Exercise aim
Starting at the first line of the records and stopping at the line that contains "ВТБ, банкомат по", transcribe every line exactly and leave out the pictures.

════════════════

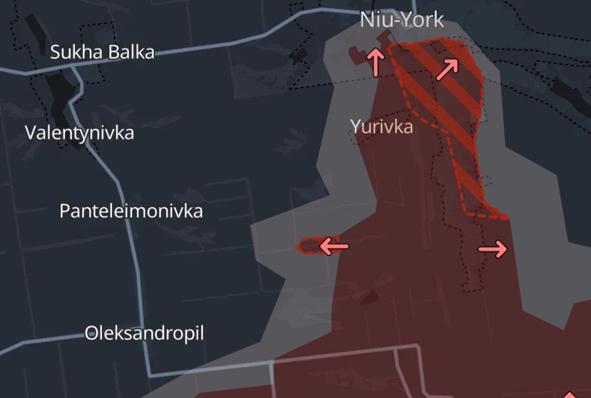 К югу от Торецка - в Нью-Йорке. Там расширен контроль над южными кварталами поселка, также бои продвинулись ближе к центру, следует из карты украинского военного паблика DeepState.
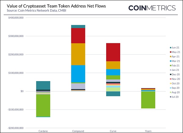 2021年第二季度,轉移到公司團隊控制地址之外的加密資產凈值大幅增加,最高達到了30億美元。2021年第二季度期間,團隊控制地址的資產增加自由流通供應最多的如下:
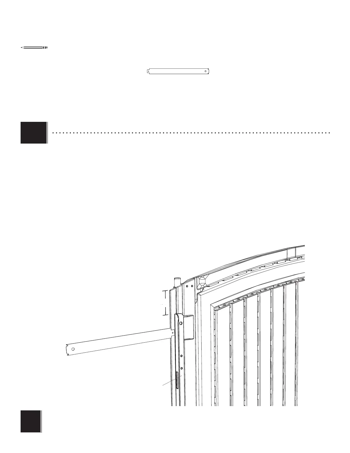 Remarque : L’indicateur de distance aide à aligner le support vertical de la porte par-dessus le tube de charnière en la puerta.
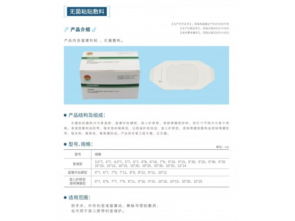 一次性使用無菌敷貼(簡(jiǎn)稱自粘性敷料貼)
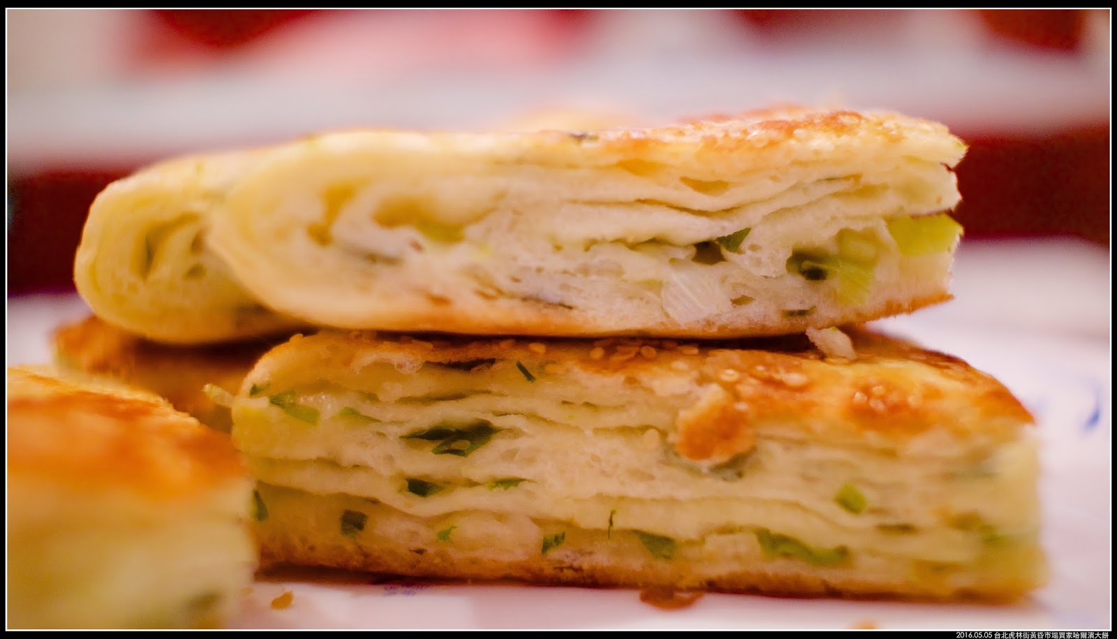 側面看千層蔥花大餅,可以看到千層的模樣,每一層之間都有著蔥花。
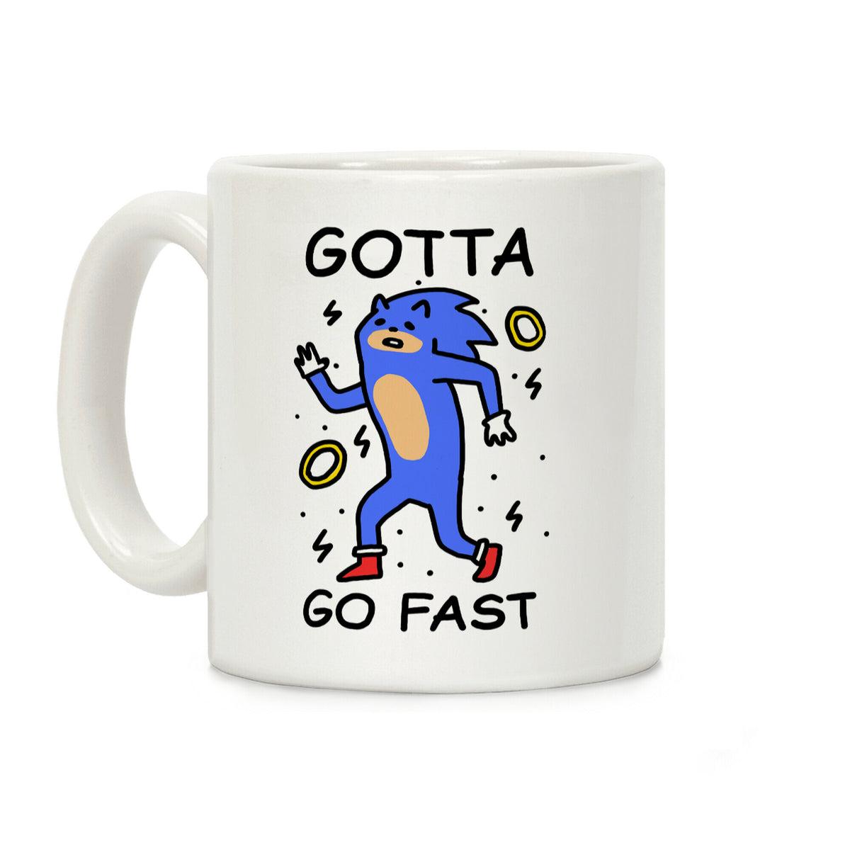 Social media can be a depressing place. So please take a moment to enjoy tonight's Low Quality Ad, this Gotta Go Fast mug. Look at Sonic. He looks demented. Like the artist drew him from memory and also has amnesia. That's fun, right? Gave you a few seconds of happiness, eh?
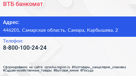 ВТБ, банкомат по адресу 446201, Самарская область, Самара, Карбышева, 2 в дальнейшем Организация, размещена в следующих категориях:
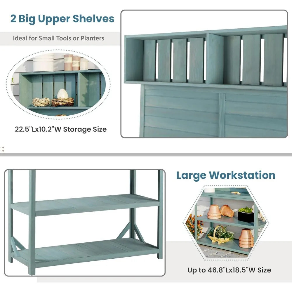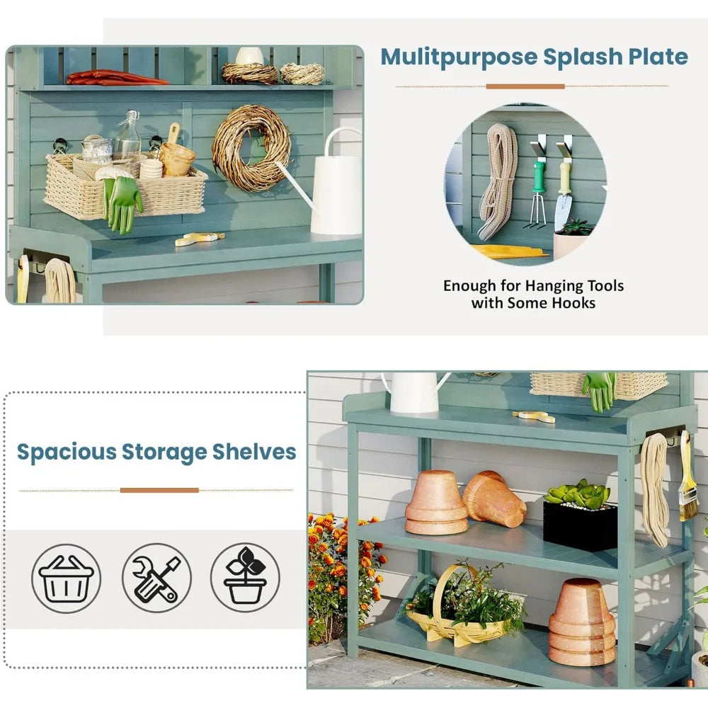 Large Wooden Farmhouse Rustic Outdoor Patio Workstation Potting Bench Table with 4 Storage Shelves and Side Hook - Green
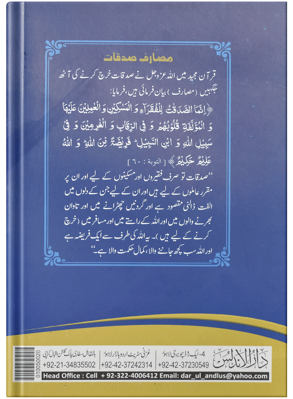 زیرِنظر کتاب میں زکوٰۃوعشراورصدقہ فطر کے مسائل کو عام فہم اور سادہ سلیس انداز میں وضاحت کے ساتھ بیان کیا گیا ہے۔ان مسائل کو پانچ ابواب میں تقسیم کیا ہے۔ان ابواب میں زکاۃوعشروصدقہ فطر کے متعلق تمام پہلووَں کو مدِنظر رکھا گیا ہےاس کتاب میں تمام حوالے قرآن و حدیث سے لیے گئے ہیں۔
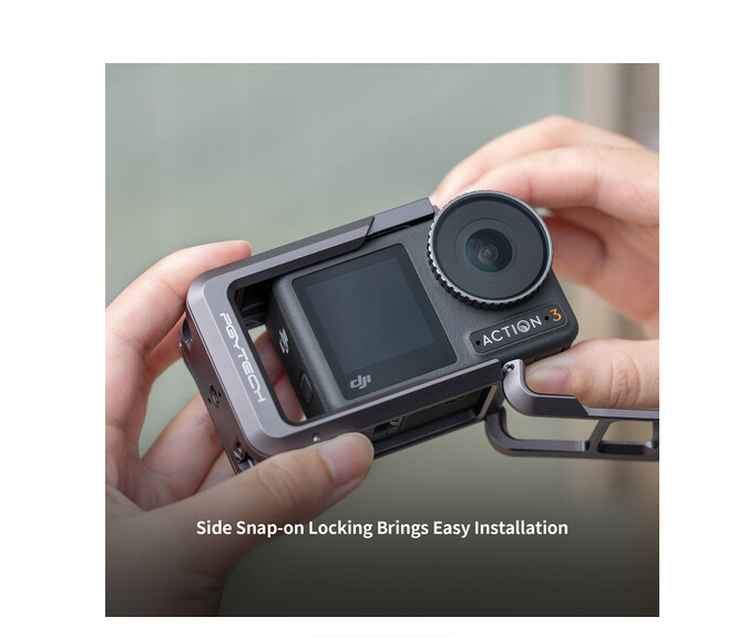 Chraňte a rozšiřte možnosti svého DJI Osmo Action 3 nebo 4 pomocí klece na kameru PGYTECH P-42C-010. Tato hliníková klec, navržená tak, aby se rychle nasadila na bok kamery, zajišťuje odolnou ochranu a zároveň zachovává plný přístup k baterii, paměťové kartě a magnetickému dnu.
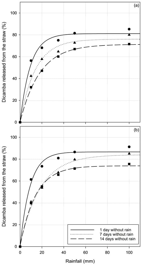 2.2. Studies 3, 4, and 5—Weed Control Efficacy and Dicamba Availability: Different Amounts of Maize Straw, Periods without Rainfall, and Dry and Wet Mulch
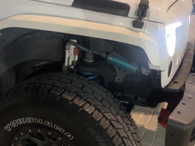 GCC Jeep Wrangler 2013 with 184,000 km only. Features include: new battery, new ownership, new full insurance, 2024 tires, and new service completed. Additional upgrades: King 2.5 suspension, full Borla exhaust system, Yokohama tires year 2024 315/70/R17 (5 pieces), Fuel rims, blue interior, Rough Country steering stabilizer, Android screen, front Rubicon bumper, and rear aluminum bumper.

════════════════

Reply to the exercise
 К югу от Торецка - в Нью-Йорке. Там расширен контроль над южными кварталами поселка, также бои продвинулись ближе к центру, следует из карты украинского военного паблика DeepState.
 2021年第二季度,轉移到公司團隊控制地址之外的加密資產凈值大幅增加,最高達到了30億美元。2021年第二季度期間,團隊控制地址的資產增加自由流通供應最多的如下:
 Remarque : L’indicateur de distance aide à aligner le support vertical de la porte par-dessus le tube de charnière en la puerta.
 一次性使用無菌敷貼(簡(jiǎn)稱自粘性敷料貼)
 側面看千層蔥花大餅,可以看到千層的模樣,每一層之間都有著蔥花。
 Social media can be a depressing place. So please take a moment to enjoy tonight's Low Quality Ad, this Gotta Go Fast mug. Look at Sonic. He looks demented. Like the artist drew him from memory and also has amnesia. That's fun, right? Gave you a few seconds of happiness, eh?
 ВТБ, банкомат по адресу 446201, Самарская область, Самара, Карбышева, 2 в дальнейшем Организация, размещена в следующих категориях:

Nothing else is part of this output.